When he had a minor stroke a while back, he felt so vulnerable and frail. He prays that may Allah protect him from a life of dependency. And Allah knows his sincere intentions and had protected him alhamdullilah.
The only person he loves to be dependent on is my Dadi. She’s the one always telling her not to do things. “Aap ye math khao, aapku acidity hoti” “dada baba ku ye math do, raat bhar satatey phir”.
My Dadi is the one who can correct him and make a joke about his antics and he’d laugh at it too. But I still find it funny how my Dadi refuses to call my Dada by his name.
May Allah preserve them ya Rab. I’m very grateful to Allah that I grew up living with them. It shows you a different kind of love, appreciation and sacrifice that exists in an older age.
May Allah give strength to your nano and preserve her in better health ya Rab.
Thank you so much for sharing such a beautiful vulnerability may both your grandparents live long and healthy lives Inshallah.

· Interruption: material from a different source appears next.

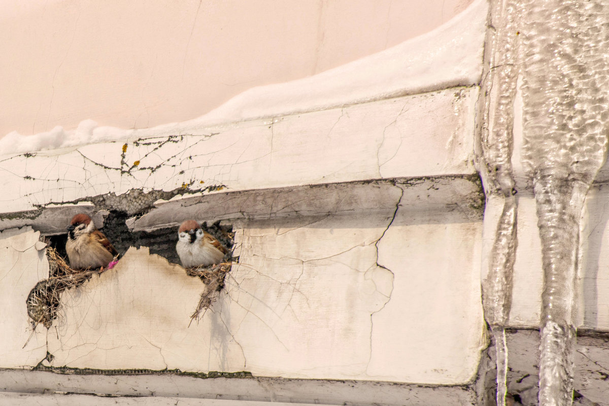 Живу я в старом деревянном доме. Несколько лет назад где-то за наличником окна моей спальни воробьи свили гнездо. Снизу его не видно, но слышно очень хорошо. И теперь мы всегда в курсе всей их личной жизни. С ранней весны слышно, как они там скребутся, ремонтируя гнездо. Сразу после ремонта начинается безостановочное чив-чив. Это воробей в готовое гнездо приглашает самочку. Однажды, устав слушать бесконечное чив-чив я сказала мужу: - Несчастный воробей, зовёт-зовёт, а найти никого не может. На что муж мне возразил: - А откуда ты знаешь, что он несчастный? Может наоборот ему очень повезло и теперь он хвалится своей победой. Вот такая она - мужская содидарность! Картинки из интернета просто для иллюстрации, мы своих только слышим.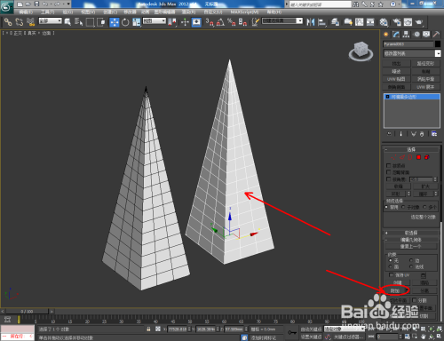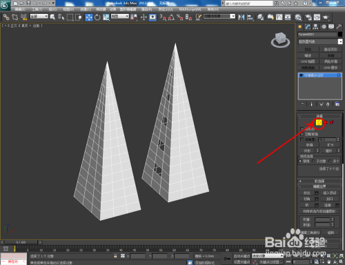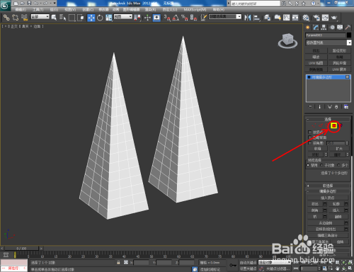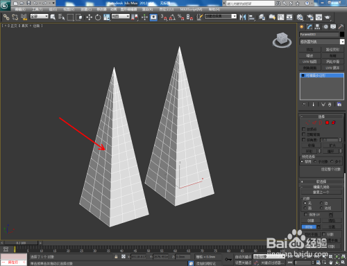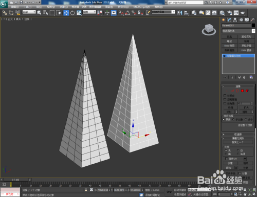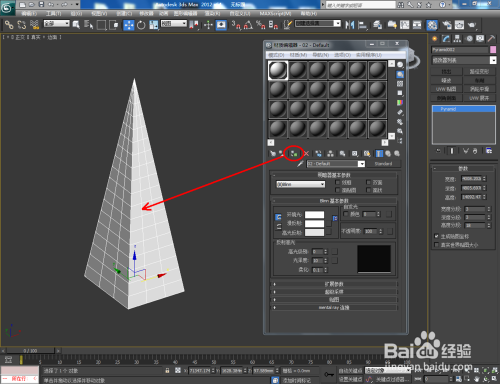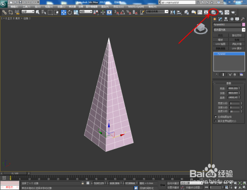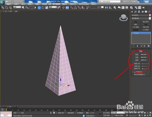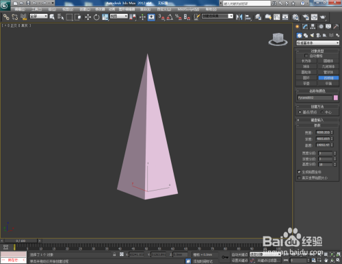 打开3Dmax2012软件,点击【建立】-【几何体】-【四棱锥】,在作图区域绘制一个四棱锥模子并按图示设置好模子的各个参数;

Nano Jaan calls me laado raani and zohu mohu as nicknames, she also had to get new teeth but her’s are permanent. It made her so happy because she can eat what she likes now. I think at that age the little things matter so much more. You don’t take into account how grateful to be for the strength of your teeth, but she did.
The love your grandparents have sounds beautiful subhanallah, my grandfather died a couple years before I was born. My father lost his parents way before even getting married may they all rest in peace inshallah.
My nana was an esteemed lawyer who always refused the position to be a judge in the high court and Supreme Court because of his integrity, he never wanted to feed into a system he didn’t believe was ethical. His clothes were always pressed, he was a clean freak, apparently even on his death bed he choose to sit up straight and dress well, he got awarded for it once too in a local competition lol I don’t know the details.
I’m sorry to hear you couldn’t meet any other grandparents of yours. May Allah give them a high rank in Jannah ya Rab. Your nana sounds like a very principled man. May Allah accept him ya Rab.
Sitting up straight and well dressed on deathbed is impressive I guess. Wanting to meet your Rab well dressed.
I have memories of my nana wearing white ironed kurta payjama (which you guys call shalwar khameez I guess). Always had a Miswak and a pen in his pocket. Allah yarhamhu. I rarely met him when we was alive because he lived in another town. He linger farming so he never moved to the city with the rest of the family.